The Death of a Parent's Dream


By: Christine Hammond, LMHC

It seems like yesterday when you held your child for the first time and stared in to their eyes with wonderment, awe, and intense love.  It was a magical, miraculous moment when all things seemed possible and they could become anything they wanted to be.  You poured optimism into them daily and began dreaming of the adult they would one day become and all the accomplishments they would achieve.

But something happened.  Perhaps it was a medical condition that would forever alter the possibilities of becoming an Olympic athlete.  Or perhaps it was a behavioral issue that would preclude them from attending certain schools.  Or perhaps it was a developmental disorder that would significantly change their interaction with others.  Or maybe it was simply fear, anxiety, obsession, depression or an addiction that would leave a lasting imprint, forever revising your dreams.

Whatever the cause, the dreams you first dreamed about your child are now dead and the harsh reality of who they are is incongruent with who they could have become.  So how do you deal with the unmet expectations and dreams of what your child could have become?

Don’t deny.  While there are Olympic athletes that have overcome seemingly difficult circumstances such as asthma (Jackie Joyner-Kersee) and ADHD (Michael Phelps), not all kids with asthma can be runners nor will all ADHD kids enjoy swimming.  Furthermore, while there are good suggestions for managing asthma or ADHD, the suggestions might not be right for your child.  Don’t waste valuable time and energy denying an issue exists - acknowledge it and accept reasonable limitations that coincide with the issue.

Don’t get angry.  A common parental reaction when a child does not live up to their potential or the dreams of their potential is to get angry.  Sometimes the anger is internalized and other times it is projected onto the child.  This type of anger is unproductive and will only alienate a parent in their relationship with the child.  Instead accept responsibility for creating an image (however wonderful that image might be) that is inconsistent with the person your child is becoming.  In the end, this is their life to live, not your life to live through them.

Don’t get discouraged.  When things get tough, it is far easier to throw in the towel and call it quits with no expectations about anything for your child.  This is an equally destructive attitude as too many expectations or too unrealistic expectations.  When your child has greatly disappointed you, don’t allow discouragement to settle in and abandon all hopes and dreams, rather take a realistic assessment of your child’s strengths and modify your dreams accordingly.

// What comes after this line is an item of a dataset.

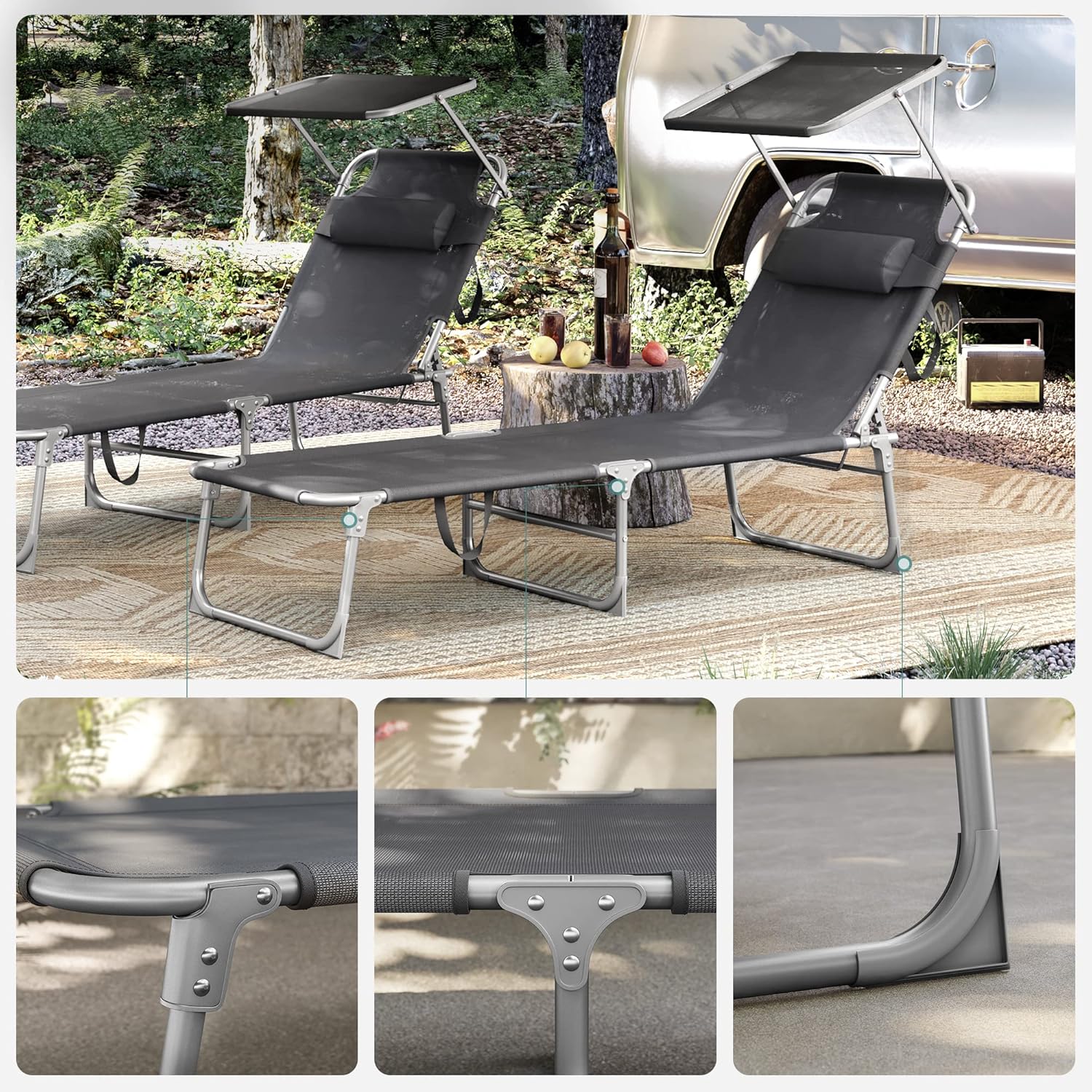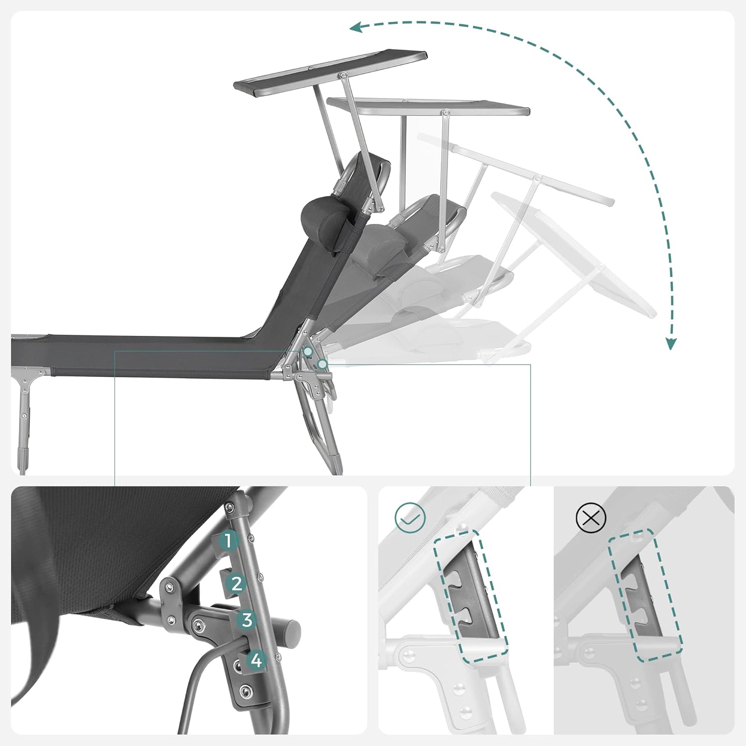 Descriere Sezlong pliabil SONGMICS parasolar, tetiera spatar
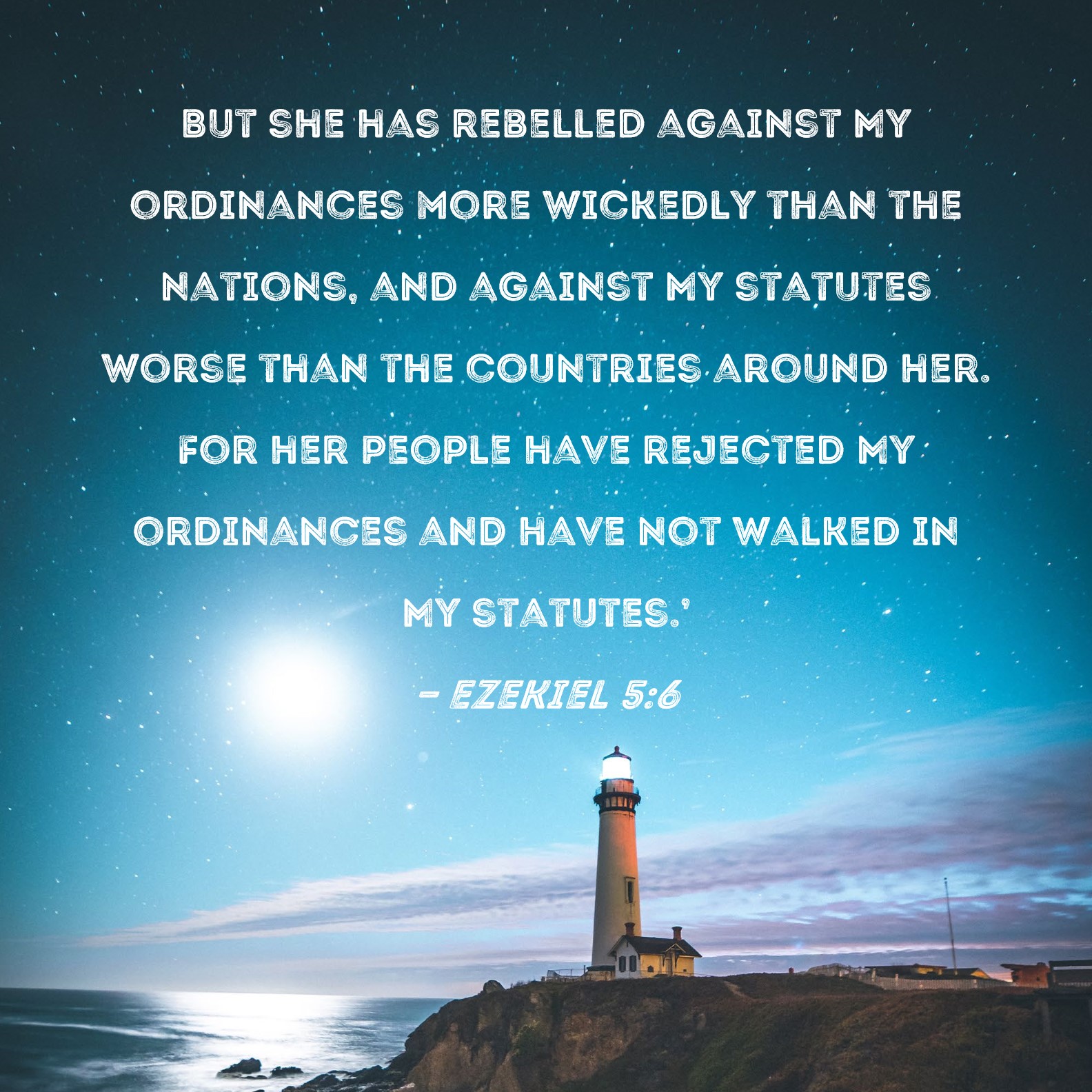 Ezekiel 5:6 But she has rebelled against My ordinances more wickedly than the nations, and against My statutes worse than the countries around her. For her people have rejected My ordinances and have not walked in My statutes.'

Accept.  Allowing a dream about your child - even a good, well-intentioned dream - to die is hard but it is essential in order to have a functional relationship going forward.  Accepting their natural limitations is not giving in but rather healing in that it allows you to have a more realistic dream going forward.  Many dreams about your child will come and go over the years but don’t allow the lost dreams to distort your perception.  Rather, allow the lost dreams to morph into realistic ones that are consistent with the hopes and dreams your child has.